Cell structure of bipartite mediangle graphs

TL;DR

This paper proves that bipartite mediangle graphs can be structured as contractible cell complexes, specifically as tope graphs of finitary Complexes of Oriented Matroids, linking graph theory with oriented matroid theory.

Contribution

It establishes that bipartite mediangle graphs are tope graphs of finitary COMs and characterizes the oriented matroids involved as simplicial OMs.

Findings

Bipartite mediangle graphs are tope graphs of finitary COMs.

The oriented matroids in these COMs are exactly the simplicial OMs.

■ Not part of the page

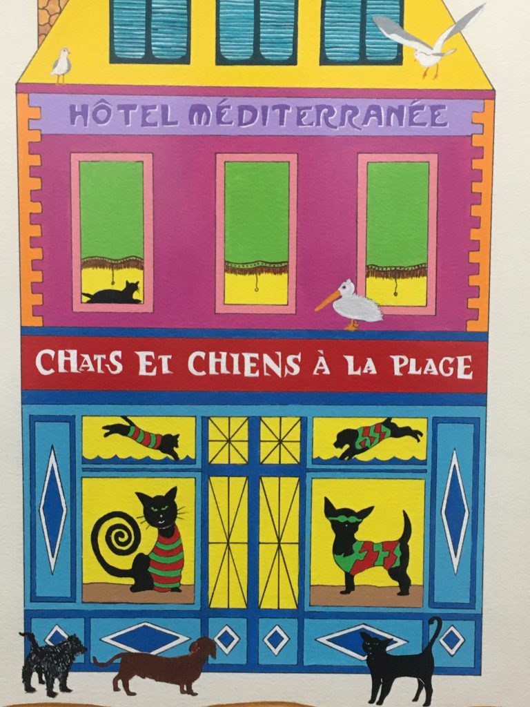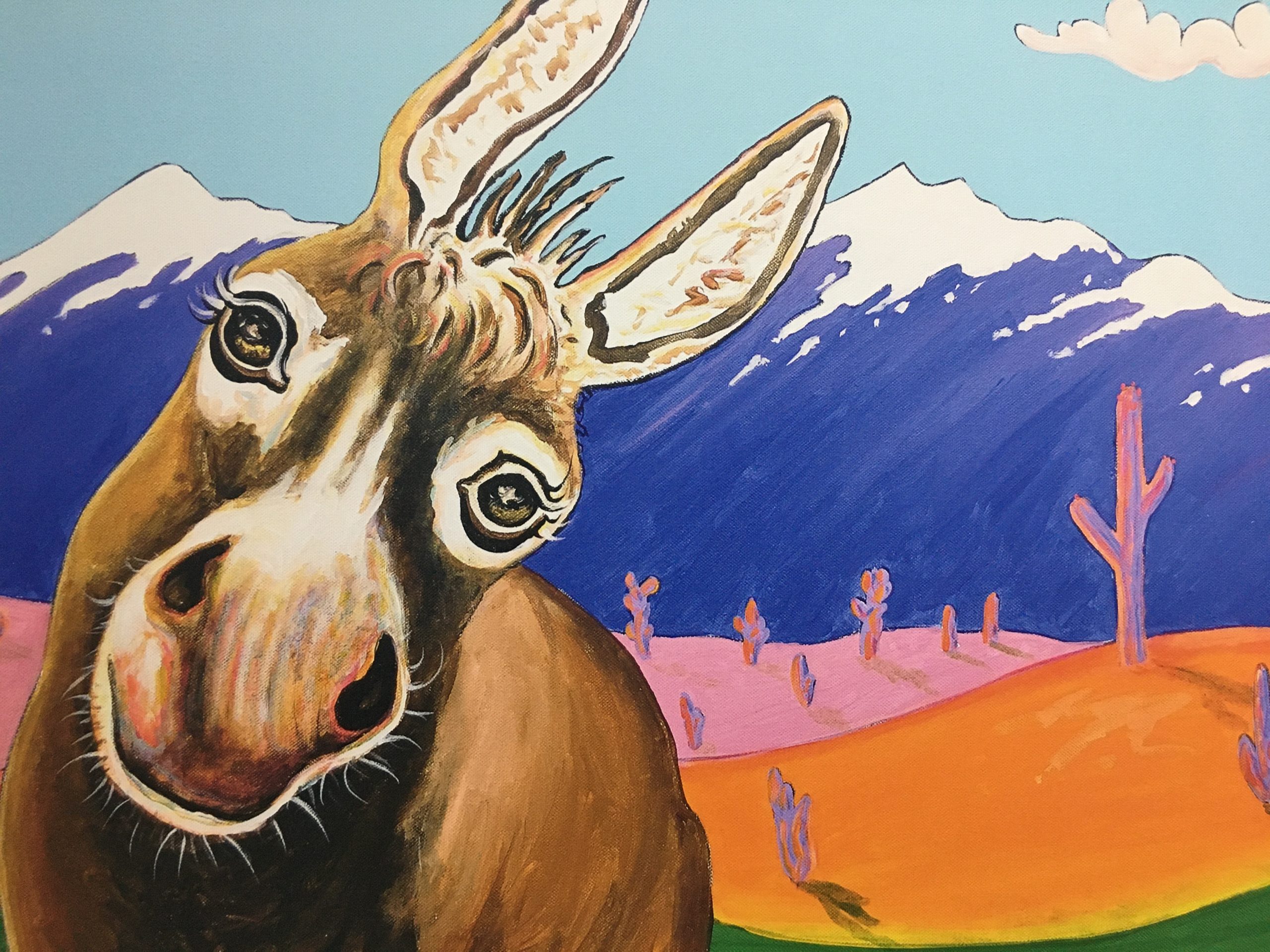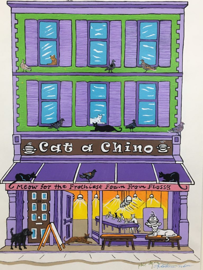 To support the animals (food and vet bills) the two artists started painting pictures of the animals. It proved to be very successful and popular and they expanded into selling notecards as well. There is a section within the exhibit where people can pick out a card or print with their favorite animal. Proceeds from the exhibit will go to the artists' Accidental Animal Rescue Center.

Provides a positive answer to Genevois's question about the cell complex structure.

Abstract

Genevois introduced and investigated mediangle graphs as a common generalization of median graphs (1-sekeleta of CAT(0) cube complexes) and Coxeter graphs (Cayley graphs of Coxeter systems) and studied groups acting on them. He asked if mediangle graphs can be endowed with the structure of a contractible cell complex. We answer this in the affirmative by proving that bipartite mediangle graphs are tope graphs of finitary Complexes of Oriented Matroids (COMs). We also show that the oriented matroids (OMs) constituting the cells of COMs arising from bipartite mediangle graphs are exactly the simplicial OMs.